I have a handful of Linux servers that get added to SCOM just fine and are monitored without much issue but they stay in the Platform: Unknown and Version: Unknown group. They are a random group of the same OS's I already have and are working fine.

If I watch the Task Status of the WSMan Probe Task during the import I can see that the OS version is discovered correctly:
OSName: Ubuntu
OSType: Linux
OSVersion: 18.04

I've reinstalled the agent and attempted different versions with the same result. I wouldn't be concerned but this seems to be the same group that the disk isn't being monitored. When I check the Health Explorer -> under Availability the Hardware Availability Rollup is the empty green circle.

Operations Manager
Operations Manager
A family of System Center products that provide infrastructure monitoring, help ensure the predictable performance and availability of vital applications, and offer comprehensive monitoring for datacenters and cloud, both private and public.
1,419 questions
0 comments No comments
{count} votes

6 answers

Sort by: Most helpful
  1. AlexZhu-MSFT 5,551 Reputation points Microsoft Vendor
    2020-08-19T08:30:03.427+00:00

    Hi,

    The problem may be related to the management packs. We may try to purge all the linux management packs and re-import them. We may use the follow PS to do this in batch
    Get-scommanagementpack | where {$_.name -like 'linux'} | remove-scommanagementpack

    18978-scom-linux-remove-mp.png

    For more details, we may refer to the below thread:
    https://social.technet.microsoft.com/Forums/exchange/en-US/d82d5169-a5fd-4fe1-ac21-3d4893bc8c76/scom-2016-platform-unknown-and-version-unknown-after-sucessful-agent-deployment?forum=operationsmanagerunixandlinux

    Hope the above information helps.

    Regards,

    Alex Zhu

    0 comments No comments

  2. SChalakov 10,266 Reputation points MVP
    2020-08-19T09:05:11.007+00:00

    Hi,
    I would use only the latest MP versions and will make sure that the latest UR depending on your SCOM version is also applied.
    If this is the case then I would check in SCOM if there are any failed workflows on those agents. I would look for related events in the Operations Manager event log on all management servers, which are part of your Linux Monitoring Ressource Pool.
    Please take a look here and try to run the tests Steve Weber suggests:

    scom-linux-logical-disk-health-monitor-not-working

    There are also other options for workflow debugging, but I would start with this.

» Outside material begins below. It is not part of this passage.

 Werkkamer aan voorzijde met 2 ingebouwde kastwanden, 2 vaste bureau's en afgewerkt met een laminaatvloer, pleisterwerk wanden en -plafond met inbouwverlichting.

    (If the reply was helpful please don't forget to accept as answer, thank you)
    Regards,
    Stoyan

    0 comments No comments

  3. Patrick Gemme 1 Reputation point
    2020-08-19T21:00:27.267+00:00

    These servers are passing Steve Weber's test that you suggest and is able to see the filesystems on them. I haven't found anything related in the Operations Manager event log on any of the SCOM servers. I'm currently on SCOM 1807 and running the 7.7.1136.0 MP's for Unix/Linux. I'm attempting to use the TraceConfig and read through some of those logs now.

    I'm a bit cautious to do what Alex suggests, as I have a lot of production servers there so I'll test that technique before proceeding. I will see what is involved in upgrading to SCOM 2019, which was on my todo list anyway.

    0 comments No comments

  4. AlexZhu-MSFT 5,551 Reputation points Microsoft Vendor
    2020-08-20T07:48:53.35+00:00

    Hi,

    Thank you for the update. Yes, for production environment, we may need to do a full backup/test before making any changes.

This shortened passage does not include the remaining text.